Everybody sing again!
(Hugo Chavez!) This ill-advised expropriation –
(Hugo Chavez!) Will mean his total annihilation!
(Hugo Chavez, he’s a fat little Commie and he runs Venezuela!)
Come on, let’s have some more!
(Hugo Chavez!) Hooma locka chimbo!
(Hugo Chavez!) Naomi Campbell is a bimbo!
(Hugo Chavez, he’s a fat little Commie and he runs Venezuela!)
Let me hear all the SUV Drivers!
(Hugo Chavez!) Down at the Citgo service station –
(Hugo Chavez!) He’s rippin’ off our entire nation!
(Hugo Chavez, he’s a fat little Commie and he runs Venezuela!)
Now all the airline riders!
(Hugo Chavez!) Let’s make him a frequent flyer –
(Hugo Chavez!) Into explosive missile fire!
(Hugo Chavez, he’s a fat little Commie and he runs Venezuela!)
Exxon Mobil say “Never again!”
See all that they did in vain?
For it they got nothin’ to show
So I say that Hugo’s got to go!
Hey, come on now!
(Hugo Chavez) It’s true without no doubt –
(Hugo Chavez) Got to toss the Red Menace out!

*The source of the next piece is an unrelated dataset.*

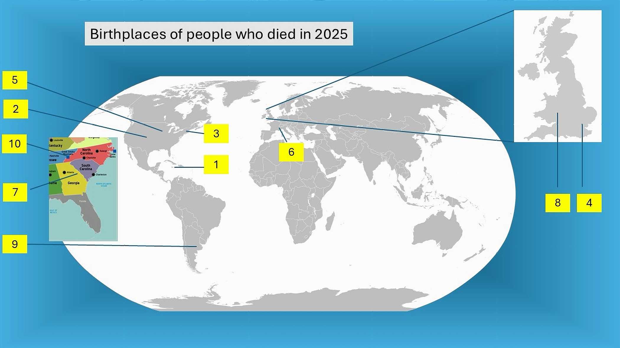 Death is inevitable, but when notable people die, we can reflect on their contributions to public life. Here are but a few notable people who passed on in 2025. Your task is to identify their birthplace.
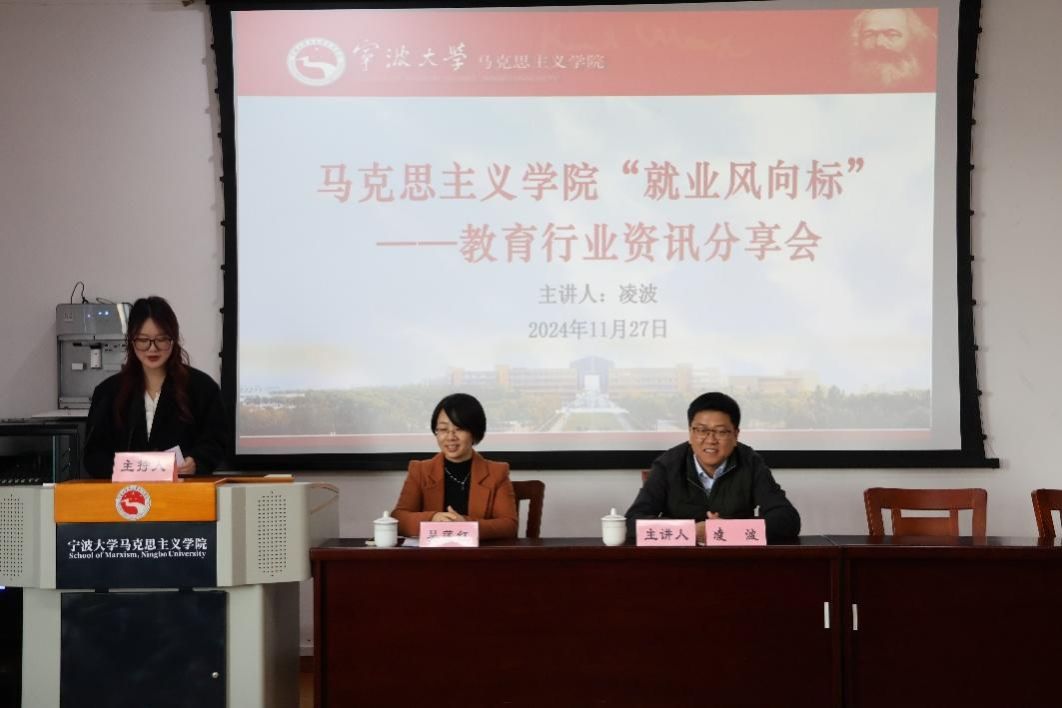 11月27日下午,成人有声小说 “就业风向标”——教育行业资讯分享会在包玉书科学楼7-406会议室举办。活动特邀宁波市教育考试院副院长凌波作咨询分享,院党委副书记吴莲红出席,就业辅导员曹慧娟主持,本研共100余名学生参加。

Hugo Chavez, he’s a fat little Commie and he runs Venezuela.
Now the people with oil heat!
(Hugo Chavez!) Just listen to that bastard scoff!
(Hugo Chavez!) While he’s freezin’ our assets off!
(Hugo Chavez, he’s a fat little Commie and he runs Venezuela!)
Now the Exxon Mobil stockholders!
(Hugo Chavez!) Oom, ba-locka-chimba!
(Hugo Chavez!) String him up in Tulsa!
(Hugo Chavez, he’s a fat little Commie and he runs Venezuela!)
Hey, sing a little softer!
(Hugo Chavez!) Tell about the bad man!
(Hugo Chavez!) Stop the Marxist mad man!
(Hugo Chavez, he’s a fat little Commie and he runs Venezuela!)
Everybody!
(Hugo Chavez!) You got to sing out the chorus!
(Hugo Chavez!) So he can hear it in Caracas!
Hugo Chavez, he’s a fat little Commie and he runs Venezuela!
As might be expected, Dick’s novelty number ended with utterly tumultuous cheering and applause, during which I turned to Roscoe and yelled “Fantastic! It’s like a Calypso musical version of ‘There Will Be Blood!’”
I guess Roscoe couldn’t hear my entire comment over that deafening din, though, because all he said in reply was “Damn right! And plenty of it!”